I was anxious about this too, until I watched 



 video.


----------



## PiccoloGoat (Sep 10, 2008)

Thank you for posting that reggalce I found that video really informative. It's good to see a video because pictures don't show you how to cut.


----------



## Overthehill (Apr 14, 2013)

Beginner here. I tried to trim my does hooves, with the help of my husband. In the video she is working on a well behaved goat compared to my goat. Star is 20 months old and I don't even know if she's had them trimmed before. She doesn't act like it. We got her 3 weeks ago. Even with my husband holding her she struggled and I was afraid of hurting her. She's strong for a Pygmy. I trimmed them a little but they are still a mess. 
I'm still waiting on my husband to build the goat stand. Perhaps that will make it easier because we can't do it until we can stop her from struggling.


----------



## PiccoloGoat (Sep 10, 2008)

That's a shame. I plan to fiddle with my goats as much as possible from a young age so they are easy to handle during that.
maybe with the stand give her some nice grain to keep her occupied and do it in short bursts so she doesnt get cranky


----------



## Overthehill (Apr 14, 2013)

The funny thing is Star loves attention on her terms. She loves to be petted. But try to touch her belly or hooves she squirms away. Our other goat bolts. It's awful trying to catch her. I will never get another skittish goat again.
I am so stressed out about Betty Boop being pregnant and not letting us near her. What if she needs our help? I still have one more shot to give them too. We will be hands on with the kids. That's for sure! 
Thank you so much reggalce for posting the video though. It helps.


----------



## nchen7 (Feb 25, 2013)

I got a skittish goat in Feb. She was pregnant then too. And I have another goat who hates her feet being touched. I find if they're distracted by food, then you can start fiddling with them. I'm also still new, and slow with things. So far, I can get 2 hooves done in the time it takes for my girl to eat before she gets annoyed. I just do the hind feet, then front the next meal (or vice versa). I'm not sure if that's ok or not, but I don't want to stress my girls out more than needed, or get kicked....


----------



## Bleyfarm (Apr 25, 2013)

Thank you for the video! It was so much better than booklet! I did both if them today. My little buck did better than my doe. Which is weird because she is more friendly.

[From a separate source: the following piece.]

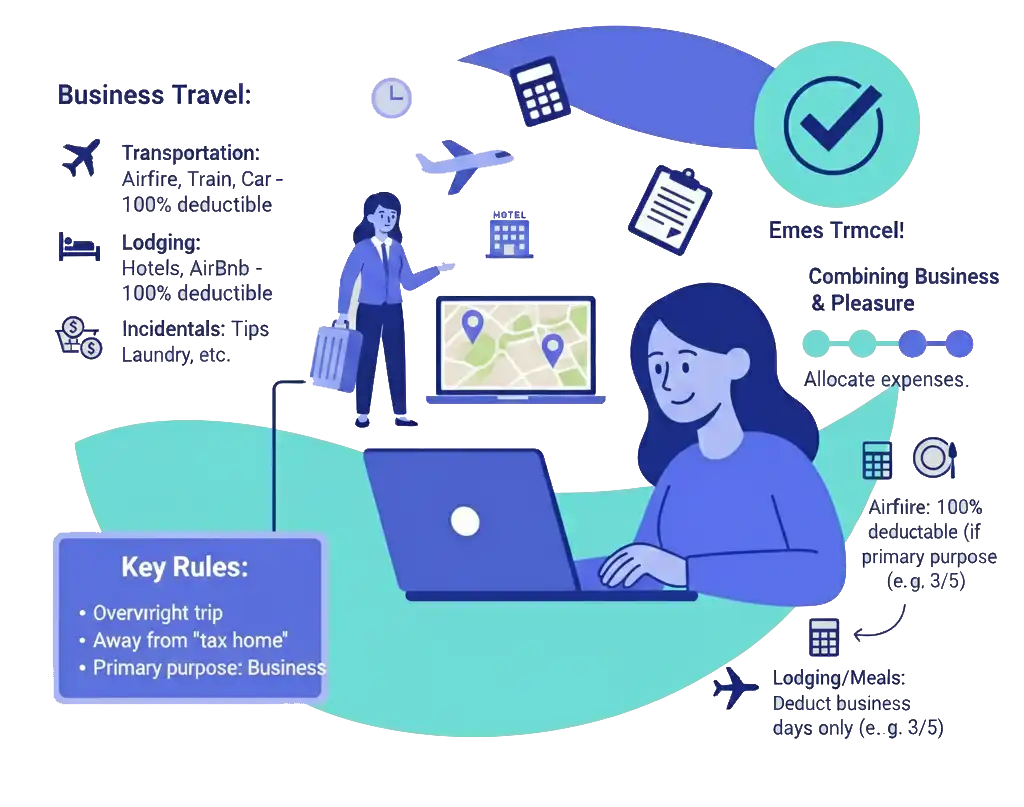 The cost of travel for business purposes is deductible, but the travel must be overnight and away from your “tax home” (the city or general area where your main place of business is located). The primary purpose of the trip must be for business.

Sent from my iPhone using GoatSpot


----------



## nancy d (Oct 5, 2007)

Great vid, thank you!
The only thing is please wear leather glove on the hoof holding hand.


----------



## Dani-1995 (Mar 11, 2011)

nancy d said:


> Great vid, thank you!
> The only thing is please wear leather glove on the hoof holding hand.


Why? I've never worn gloves and never heard too. The only time anyone has.said anything about gloves is.when I did some goats that had mud all over their feet... it was real messy!!!


----------



## summerdreamer71 (Jan 25, 2013)

Dani-1995 said:


> Why? I've never worn gloves and never heard too. The only time anyone has.said anything about gloves is.when I did some goats that had mud all over their feet... it was real messy!!!


Never have either. I'd like to know why though.


----------



## summerdreamer71 (Jan 25, 2013)

Dani-1995 said:


> Why? I've never worn gloves and never heard too. The only time anyone has.said anything about gloves is.when I did some goats that had mud all over their feet... it was real messy!!!


I was thinking and maybe it's precautionary so that we don't accidently cut ourselve withe the clippers if the goat freaks out all of a sudden. Maybe even so the sharp hoof doesn't cut us. Probably sanitary reasons too.


----------



## Used2bmimi (Oct 3, 2012)

Ooooo good video!


----------



## nancy d (Oct 5, 2007)

Wearing a glove helps protect from a stab wound. Dont ask how I know this.


----------



## goathiker (Apr 14, 2011)

Yeah, and never put the goats hind foot between your thighs "just like a horse shoer" and flail away with a pocket knife when you are 11. I still have that scar


----------



## janeen128 (Dec 31, 2012)

I learned the hard way. I had her hoof in between my legs (I was sitting down) she kicked up ant the trimmers went right into my eyebrow. Any lower I probably would have lost an eye. I had a nice shiner for awhile I know have a milking stand, and I'm very careful now. Gloves are a good idea.


----------



## summerdreamer71 (Jan 25, 2013)

janeen128 said:


> I learned the hard way. I had her hoof in between my legs (I was sitting down) she kicked up ant the trimmers went right into my eyebrow. Any lower I probably would have lost an eye. I had a nice shiner for awhile I know have a milking stand, and I'm very careful now. Gloves are a good idea.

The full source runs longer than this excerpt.